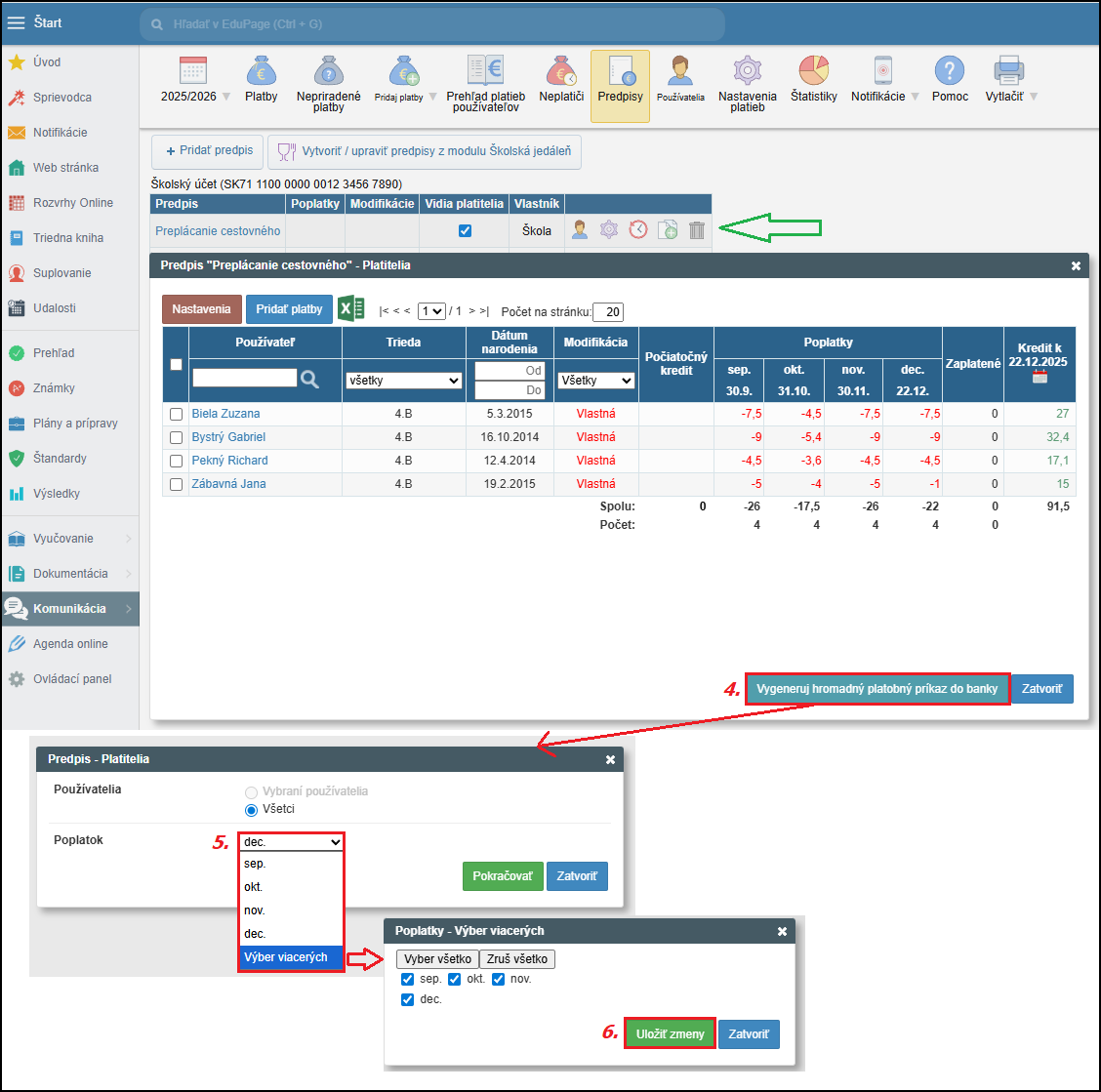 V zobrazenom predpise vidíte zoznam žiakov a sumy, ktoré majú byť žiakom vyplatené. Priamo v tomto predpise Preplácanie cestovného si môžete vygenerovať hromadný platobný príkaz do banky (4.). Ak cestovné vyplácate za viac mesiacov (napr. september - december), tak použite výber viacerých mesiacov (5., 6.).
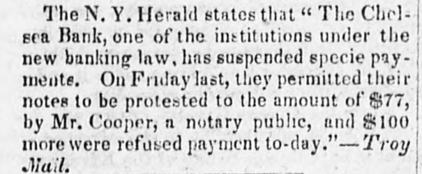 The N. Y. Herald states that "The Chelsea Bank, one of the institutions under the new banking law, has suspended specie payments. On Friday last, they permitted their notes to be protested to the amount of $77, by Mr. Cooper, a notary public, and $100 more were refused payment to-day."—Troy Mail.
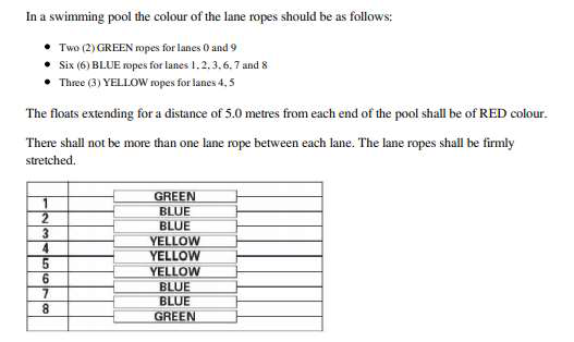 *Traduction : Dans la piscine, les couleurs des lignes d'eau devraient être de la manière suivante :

☆ ☆ ☆ ☆

> What the task requires:
Exact copies of the lines from the one containing "The N. Y. Herald" through the final line of the data are required; pictures are to be omitted.

> Solution to this exercise:
 The N. Y. Herald states that "The Chelsea Bank, one of the institutions under the new banking law, has suspended specie payments. On Friday last, they permitted their notes to be protested to the amount of $77, by Mr. Cooper, a notary public, and $100 more were refused payment to-day."—Troy Mail.
 *Traduction : Dans la piscine, les couleurs des lignes d'eau devraient être de la manière suivante :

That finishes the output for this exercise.